European Union antitrust regulators are examining whether banks manipulated the daily London interbank offered rate, according to two people familiar with the probe.
The European Commission sent banks requests for information last month on how rates are calculated, according to the people who declined to be identified because the discussions are private.
The EU probe into Libor adds to U.K. and U.S. financial regulators’ inquiries into the possible breach of rules governing the benchmark borrowing rate. Barclays Plc, the U.K.’s third-largest bank by assets, said last week that it was cooperating with U.S. and British regulators on their Libor investigations.
EU regulators last week opened an antitrust investigation into Goldman Sachs Group Inc., JPMorgan Chase & Co. and 14 other investment banks over agreements in the market for credit- default swaps that may harm competition.

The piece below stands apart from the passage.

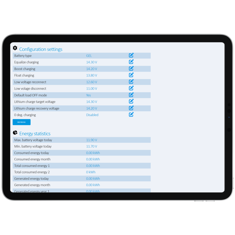 • Integracja z popularnymi regulatorami ładowania MPPT

Amelia Torres, a spokeswoman for the Brussels-based commission, declined to comment on the Libor probe.
UBS AG, Switzerland’s biggest bank, said in March it received demands for information from U.S. and Japanese authorities investigating possible attempts to manipulate the setting of Libor.
Libor rates, a benchmark for more than $350 trillion of financial products worldwide, are set daily by the British Bankers’ Association based on data from banks reflecting how much it would cost them to borrow for various periods of time and in different currencies.
JPMorgan, Deutsche Bank AG, Royal Bank of Scotland Group Plc, Commerzbank AG, Lloyds Banking Group Plc, Credit Suisse Group AG, UBS, Credit Agricole SA and WestLB AG declined to comment.
Rabobank Groep spokesman Kees Nanninga said the Utrecht, Netherlands-based bank does “not comment on specific regulatory matters.”
Three calls and an e-mail to Barclays’ press office and two calls to HSBC Holdings Plc’s press office were unanswered on a U.K. holiday. The BBA in London didn’t respond to three calls seeking comment.
Societe Generale SA and BNP Paribas SA said they couldn’t immediately comment.
Lawrence Grayson, a spokesman for Charlotte, North Carolina-based Bank of America Corp., declined to comment.